Fighting Terrorism: No Easy Task

Published on 21st November 2005

Terrorism and terror-related acts have become so predominant that one never knows where these felons with their heinous acts will strike next. Jordan lost over 67 lives and hundreds were maimed when terrorists hit Amman, as a suicide bomber butchered over 35 people in Iraq.

Security analysts had put Jordan as one of the safest countries in the Middle East.  The terrorists were recently in London, where they hit the commuter train facility, killing many. The impact was so forceful that Tony Blair, who was attending the G8-Summit in Gleneagles, Scotland, was forced to go home to grieve with his people. They had also been to Turkey, Cairo, Bali among other great cities. As a result of this, a number of countries have adopted and passed anti-terrorism laws. In Britain, Tony Blair pushed for a bill that would have seen terrorism suspects held for up to nine months before commencement of trials. This long period, Labour party had argued, would allow investigators and prosecutors ample time to gather adequate evidence. They lost. 

“Terrorism is widely viewed as violence towards a political end,” says Centre for Defence Information. John Bolton, the US ambassador to the United Nations, argued in a letter to other envoys that any definition of what constitutes a terrorist act should exclude “military activities that are appropriately governed by international humanitarian law.” Maybe he meant the inhuman military operations carried out in Iraq where children and women are casualties. He further argued that limits should be placed on the degree to which government actions such as, bombing civilians – should be considered terrorism.

As such concerns illustrate, many of the differences over any generally acceptable definition of terrorism are related to the identity of both those describing others as terrorists and those being thus described. Other, interrelated issues include the extent to which terrorism is considered a means towards an end as well as the nature of that end.

The presence of internet in the world has made it very simple for terrorists to plan and execute their work with ease. Its use has increased the global reach of many organizations for recruitment purposes as well as for co-ordination of operations.

The traditional mode of hierarchical organization dominated by a central headquarters was already considered outdated, writes US Institute of Peace, adding that they have been replaced by transient cells often connected through cyberspace.

Gabriel Weiman, Senior Fellow at US Institute of Peace, writing on Terror on The Internet: The new Arena the New Challenge says that the Internet allows terrorists to communicate their messages to a global audience quickly, anonymously and without the risks of their messages being censored.

“You can sit in a coffee shop in London, use a server in South Africa, and send messages to North America without anyone being able to trace you,” Weimann stressed.

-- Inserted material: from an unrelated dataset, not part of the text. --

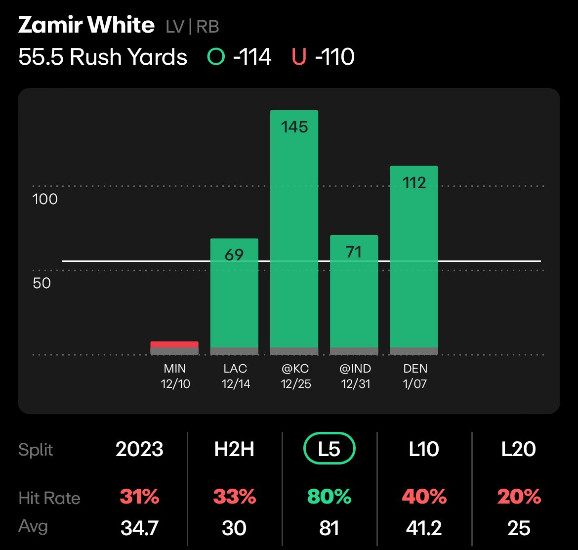 Josh Jacobs went down with an injury late last season, and the Raiders turned to White. What did he do? Cooked this line in 4 straight games, including two 100-yard performances. This Chargers D is going to be bad, and White should take advantage.

The breaking up of borders and formation of large blocks such as European Union further removed the traditional means to track the movements of known criminals.

Globalization is making geography more of a challenge than ever for counter terrorism efforts but it is also providing more opportunity for improved cross border and transcontinental cooperation.

Weiman, on examining the nature of terrorism on the Internet, says cyberspace has now become a new conflict global arena. By its very nature, the Internet is an ideal arena for activity by terrorist organizations.

Why is it so?

The Internet offers easy access, to little or no regulation censorship or other forms of government control, huge audiences spread throughout the world, anonymity of communication, fast flow of communication, inexpensive, development and ability to combine text, graphics, audio and video that allows users to download films, songs, books and posters and finally the ability to shape coverage in the traditional mass media which increasingly use internet as a source for stories.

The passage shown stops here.